■ **What is expected**: Pictures aside, print all of the data below exactly as written.
* * * * * * *
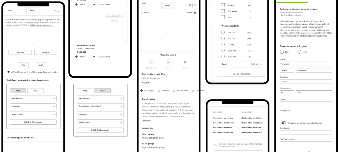 In de eerste fase zijn we om tafel gegaan voor een concept ontwerp van de site. Hierbij ligt de focus op de functies van de website en de gebruiksvriendelijkheid ervan. Vanaf dag 1 is onze partner in crime Vorm2 betrokken bij JLG Real Estate. Het makelaarskantoor heeft een duidelijke identiteit en een herkenbare huisstijl. Aan Vorm2 de taak om deze onder de loep te nemen en waar nodig te voorzien van een frisse blik. Vorm2 is erin geslaagd om de identiteit van JLG Real Estate te vertalen naar toffe designs die de bouwstenen van de nieuwe website hebben gevormd.
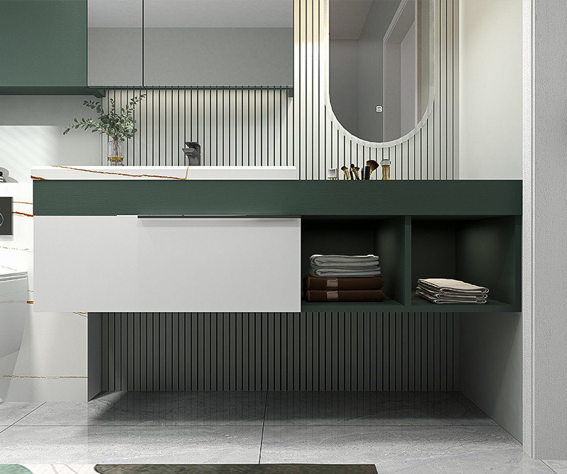 【功 能】:跑道圆镜面自带灯光即可全方位映照美貌;梳妆格区隔分明,收纳明确;镜柜大容量收纳,琐碎物品都能装;浴室柜和坐便器悬空不留卫生死角
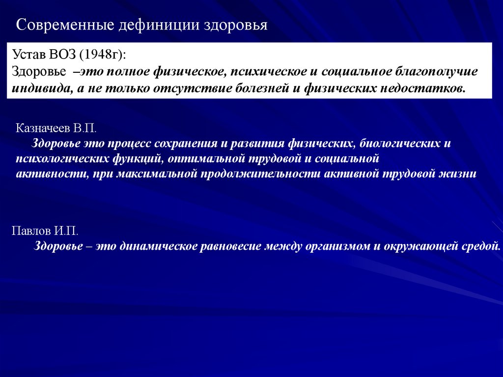 Современные дефиниции здоровьяУстав ВОЗ (1948г):
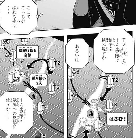 さらに南側の太刀川達が速攻をかけてきたのは、臨時部隊の合流を誘導する為と推測し、古寺は臨時部隊側が採れる手を考えます。T2に残した歌川1番隊と王子2番隊で相手を挟み返す作戦か、あるいは歌川1番隊と王子2番隊をA3ターミナル付近の敵陣へのカウンターに使う作戦を古寺は考えます。
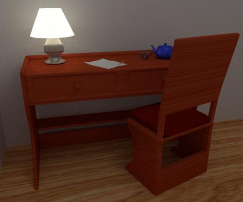 Modern Wooden Desk and Desk Lamp
* * * * * * *
■ **Result**:
 In de eerste fase zijn we om tafel gegaan voor een concept ontwerp van de site. Hierbij ligt de focus op de functies van de website en de gebruiksvriendelijkheid ervan. Vanaf dag 1 is onze partner in crime Vorm2 betrokken bij JLG Real Estate. Het makelaarskantoor heeft een duidelijke identiteit en een herkenbare huisstijl. Aan Vorm2 de taak om deze onder de loep te nemen en waar nodig te voorzien van een frisse blik. Vorm2 is erin geslaagd om de identiteit van JLG Real Estate te vertalen naar toffe designs die de bouwstenen van de nieuwe website hebben gevormd.
 【功 能】:跑道圆镜面自带灯光即可全方位映照美貌;梳妆格区隔分明,收纳明确;镜柜大容量收纳,琐碎物品都能装;浴室柜和坐便器悬空不留卫生死角
 Современные дефиниции здоровьяУстав ВОЗ (1948г):
 さらに南側の太刀川達が速攻をかけてきたのは、臨時部隊の合流を誘導する為と推測し、古寺は臨時部隊側が採れる手を考えます。T2に残した歌川1番隊と王子2番隊で相手を挟み返す作戦か、あるいは歌川1番隊と王子2番隊をA3ターミナル付近の敵陣へのカウンターに使う作戦を古寺は考えます。
 Modern Wooden Desk and Desk Lamp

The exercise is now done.